Я не умею! - Анна Ахрем
Шла уже вторая неделя с того памятного мне разговора, а я всё отчетливее понимал, что я самый невезучий гном во всём подземелье. И это несмотря на то, что я королевский наследник! Слухи о моём скором отбытии в магическую академию распространялись, как пещерные завалы в наших старых шахтах. Всё чаще я стал замечать, что на мне останавливаются сочувственные взгляды. Меня даже стали сторониться, как будто я какую заразу от крыс подхватил! Спросил о причине такого поведения одного из своих приятелей. Тот не юлил и признался как есть:
— Корр, тут ничего личного, ты пойми… Ясное дело, что из гнома маг, как из дохлого крота погремушка. Ты в этой дурацкой академии всех нас опозоришь. Где гарантия, что твой батюшка после этого не осерчает и не объявит тебя изгоем, а? Я бы и рад чем помочь, если мог, только ты сам знаешь, своя шкура дороже…
Горько, конечно, было слышать эти слова от гнома, которого я знал с малых лет, однако делать нечего. Я и правда хорошо знал своего батюшку. Если он что-то втемяшивал себе в голову, даже киркой эту дурость из него не выбьешь. Кто знает, может именно благодаря его такой своевольности и зверскому упрямству мы в своё время и не продули в пух и прах в этой войне, где у каждого из народов были маги. У всех, кроме гномов.
Меня еще не было, как та война началась. Мы все — молодые гномы — родились в самый разгар заварушки. Однако уже тогда меж нами ходила побасенка про последний мирный Всеобщий Совет Пангеи, на котором все как раз и началось.
Эльфийский король, Лара Девятый, в тот памятный день объявил войну каждому из народов Пангеи. Зачем он это сделал? Может, виной этому была его жадность, может, сумасшествие или просто дурацкая блажь. В тот день действительно никто даже не подозревал, что это все затянется на целую сотню лет. Каждый из народов с переменным успехом будет одерживать победу, пока против него не объединятся остальные. Бесконечно долгую сотню лет все убивали друг друга ради того, чтобы наконец уяснить, что оно того не стоит.

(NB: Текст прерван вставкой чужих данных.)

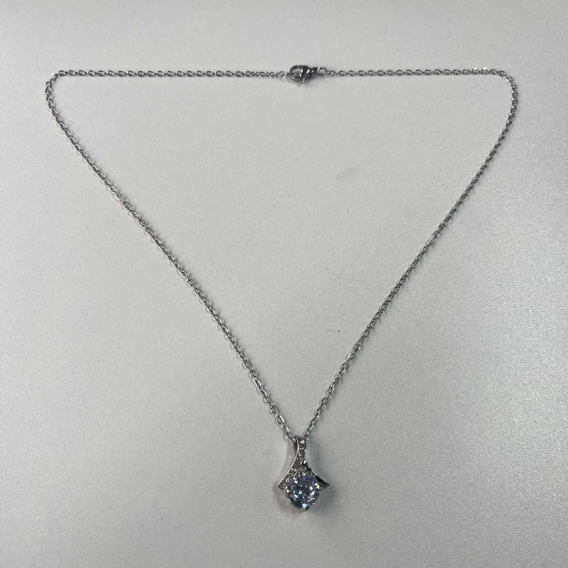 材质:不锈钢链,铜吊坠,玻璃锆石

Как бы то ни было, в тот день Карл Шестнадцатый, король людей, вернувшись домой в своё равнинное королевство, стал собирать войско, возглавили которое самые сильные стихийные маги. Благодаря дару от великого Омма человеческий маг, обладая большим потенциалом, становится не просто метеорологом или помощником в полях. Сильная стихийная магия — это молнии, фаерболы и сила урагана. Именно в среде людей оказались самые сильные боевые маги.
Король гоблинов, Шин Третий, также вернулся в болота, приняв там по-своему мудрое решение. Участвовать в той блажи, которую затеял Лара Девятый, ему не хотелось никак. Благодаря дару от Бога Омма — магии иллюзии — он спрятал свои болота так, что найти их стало просто невозможно. Заклятие оказалось таким сильным, что до сих пор в болотном тумане можно увидеть морок или еще чего похлеще. Гоблины в войне почти не участвовали, однако нельзя сказать, что они не пострадали. Прокормить целый народ в условиях болота без торговли с соседями почти невозможно. Голод за эту сотню лет убил намного больше, чем могли бы вражеские мечи.

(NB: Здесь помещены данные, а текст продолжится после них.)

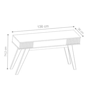O móvel possui uma gaveta multiuso, pés em madeira maciça, ripas decorativas em suas laterais, além de um tampo espaçoso que pode ser para decorações, possibilitando a disposição de taças, bebidas e demais objetos.

Гракх Второй, предводитель троллей, выслушал слова об объявлении войны молча. Наверное, его народ был единственным, кто не почувствовал вообще никаких изменений. Что есть война, что нет её… Какая разница, если тебя почти невозможно убить, а из твоего дома нельзя вынести ничего, кроме тебя самого. Само существование троллей, живых камней, уже было магией и настоящим чудом. У камня своя логика, своя философия и своё понимание мира. Камни всегда были молчаливыми свидетелями и мира, и войны. Вернувшись в горы, Гракх второй сделал только одно — спрятал среди камней то, что считал самым ценным. Книги и свитки про своего творца, Бога Омма. Возможно, он единственный догадывался о том, что кровопролитие затянется.

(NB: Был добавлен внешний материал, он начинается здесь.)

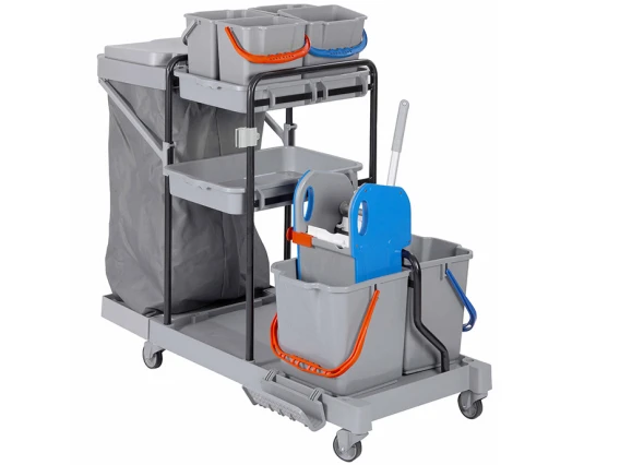 Ce chariot multifonctionnel sert au dépoussiérage, à la collecte des déchets, au lavage des sols et au nettoyage des surfaces.

Был на том Совете и мой отец, Корран Семнадцатый. Выслушав от Лары Девятого кучу пафосного бреда (того самого, который наговорить могут только эльфы), он, вернувшись домой в гномьи подземелья, заперся с бочкой самогона в своих покоях. У гномов, как сегодня знает каждый из ребятишек, нет магии, и в той войне они рисковали больше всех. Старики рассказывали, что было подумали, что Корран пьёт с горя. Однако это было не так. Уже через пару дней Корран вынес из покоев и показал гномьему народу свою заначку — нет, не ещё один бочонок, а то, что сегодня называют простым и незатейливым словом «огнестрел». И для людей, и для эльфов эта штука оказалась неприятным сюрпризом. Больше всего негодовали последние.
Ларра Девятый даже прислал моему батюшке примечательное письмецо, которое и сегодня висит в его кабинете на видном месте. В том письмеце Лара весьма «благородно» возмущался тем фактом, что замороченные им бешеные лисы так и не добрались до гномьих подземелий, а были «возмутительно и подло» отстреляны издалека.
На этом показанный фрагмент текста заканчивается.